Tiffany Brodersen was hired in January by Region 9 Economic Development District as its first full-time grant writer. She has 14 years of experience in grant writing, working with nonprofits, schools, businesses and government agencies to acquire funding.

She has always loved storytelling, she said. It’s just that grant writing requires a very specific kind of storytelling.

Brodersen got her start in grant writing after graduating from Northern Arizona University in Flagstaff. She worked on a board that needed help with fundraising, including grant writing, she said.

Her first paid grant writing gig was as an executive assistant at a nonprofit on Colorado’s Front Range, she said. She simply loved it.

“Since then, I’ve been helping people with grants administration, from writing to managing them, to the reporting and everything that falls in between,” she said.

Targeting audiences

While storytelling is a key factor for successful grant applications, the sort of story told might need to be a subtle one depending on the granter, Brodersen said. Grant applications to the federal government, especially, are technical.

The feds, and often state governments, ask for specific information in grant applications. They want demographics and an exact picture of the population their money would serve, she said.

The Region 9 Economic Development Center offers a plethora of data and statistics that grant writers can put to good use. Even before being hired by the center, Brodersen regularly checked its website for regional data about demographics, cost of living, population centers and so forth, she said.

State governments tend to be a bit less stringent than the feds, she said.

She said governments, businesses and nonprofits are totally immersed in their worlds. They have their own lingo – an entire language that makes sense to them but might not translate well to someone outside their sphere.
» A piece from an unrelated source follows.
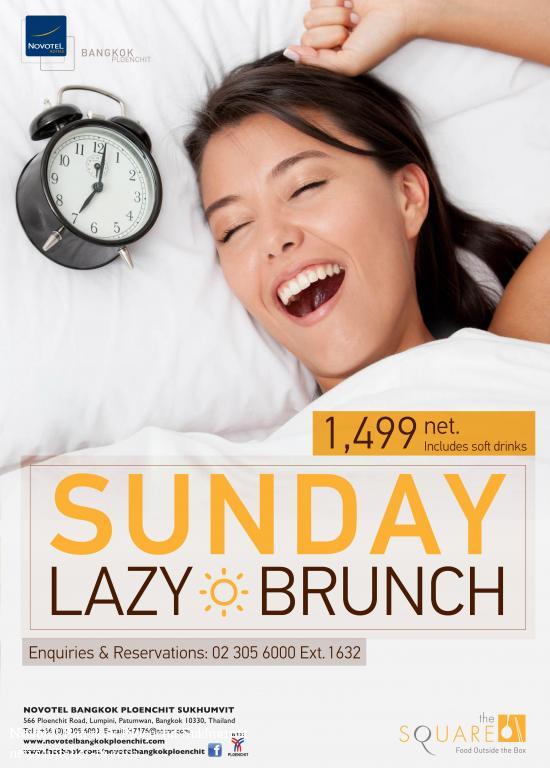 Lazing, and Dining, on a Sunday AfternoonSundays are for waking up late and enjoying life in the slow lane. So don’t hurry, but definitely don’t miss, Sunday Lazy Brunch at The SQUARE, Novotel Bangkok Ploenchit Sukhumvit. Guests have three and a half hours, from 11.30 a.m. to 3.00 p.m., to savour a true weekend highlight.On the buffet are Western favourites like foie gras, roasts and pasta; Asian cuisines including dishes such as Japanese sushi and sashimi; and a selection of Indian curries. Buffets at The SQUARE are known for great seafood and Sunday brunch is no different. Premium delicacies include rock lobster, Alaska king crab, mussel, oyster and blue crab, all served on ice or grilled over charcoal flame at The SQUARE’s live kitchen. Thai favourites include rice with red pork and chicken rice. Tempting desserts await too like cakes, ice cream and Thai desserts. Sunday Lazy Brunch also features new alcoholic drink choices, wine and draught beer is priced at THB 1,499 net per person, children under 12 receive 50% discount, under 6 free of charge. Holders of selected credit cards eligible for Come-2-Pay-1 offer, making The SQUARE’s Sunday Lazy Brunch one of the best-value brunch buffets in town. Accor Advantage Plus members receive up to 50% discount on group booking up to six persons. Sunday Lazy Brunch at The SQUARE Restaurant Date: Every Sunday Time: 11.30 a.m. to 3.00 p.m. Price: THB 1,499 net per person including free flow soft drinks, wine and draught beer (Price includes 10% service charge and prevailing government VAT) - Children under 12 receive 50% discount, under 6 free of charge. Reservation: 02 305 6000 ext. 1632 Website: www.novotelbangkokploenchit.com/special-offers/the-square/

Brodersen likes to ask her clients for an elevator pitch – a 30- to 60-second summary – to help her identify the fundamental needs an organization wants to fulfill with a grant. She said those brief summaries help her develop an application that is digestible to grant reviewers who may not be familiar with the particulars of a specific industry.

Even technical grant applications need to be easily readable and clear, she said.
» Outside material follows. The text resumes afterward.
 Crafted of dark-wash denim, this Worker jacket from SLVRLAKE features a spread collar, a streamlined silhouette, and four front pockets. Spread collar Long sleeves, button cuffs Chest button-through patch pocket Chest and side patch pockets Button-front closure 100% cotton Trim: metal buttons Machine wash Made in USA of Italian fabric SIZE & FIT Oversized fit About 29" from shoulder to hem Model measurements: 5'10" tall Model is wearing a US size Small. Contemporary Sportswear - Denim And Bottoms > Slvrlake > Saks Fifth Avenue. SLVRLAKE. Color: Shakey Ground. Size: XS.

Beth Lamberson left, started her grant-writing career at Adaptive Sports Association at Purgatory Resort, and now Ann Marie Beresford, executive director of the Adaptive Sports Association, writes up the grants. (Jerry McBride/Durango Herald)
Challenges in an ever-evolving funding landscape

Perhaps the biggest challenge grant writers face is the ever-changing funding landscape, Brodersen said.
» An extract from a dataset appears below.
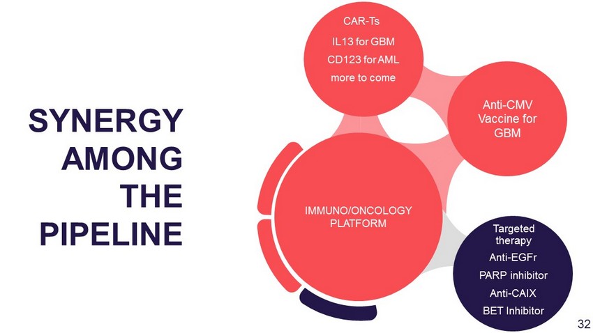 Anti - EGFr PARP inhibitor Anti - CAIX BET Inhibitor Anti - CMV Vaccine for GBM IL13 for GBM CD123 for AML more to come IMMUNO/ONCOLOGY PLATFORM SYNERGY AMONG THE PIPELINE CAR - Ts Targeted therapy 31

Foundations that offer grants have a history of funding specific projects or programs. They are less interested in helping an organization keep its lights on, she said.

But that attitude may be shifting, partly because COVID-19 affected organizations’ needs, and partly because younger people joining grant review committees are more trusting that grant money will be well-spent, she said.

As a result, more general operating funds are becoming available through foundation grants.

Another hurdle Brodersen has experienced is grant reporting – a process that communicates to granters how their funds are being used. She said there are times when she has spent as much time reporting on spending as she did on the grant application to begin with.

But a shift is occurring in reporting requirements as well, at least for foundations, she said.

Rather than requests for specific metrics or data, foundations are wanting to hear more about specific successes the grants facilitated.

“I think for them, that paints a better story and a better picture of how the grant funds were actually spent,” Brodersen said.

Foundations like to share the positive stories on social media and through public outreach about direct impacts their grants have on people, she said.

One aspect of fluctuating funding landscapes that won’t be going away any time soon is the shifts in policies that follow changing federal government administrations, Brodersen said.

“The last few years we’ve just been swinging from party to party, to party, right?” she said. “That’s kind of like a whiplash all around, but particularly in the funding landscape.”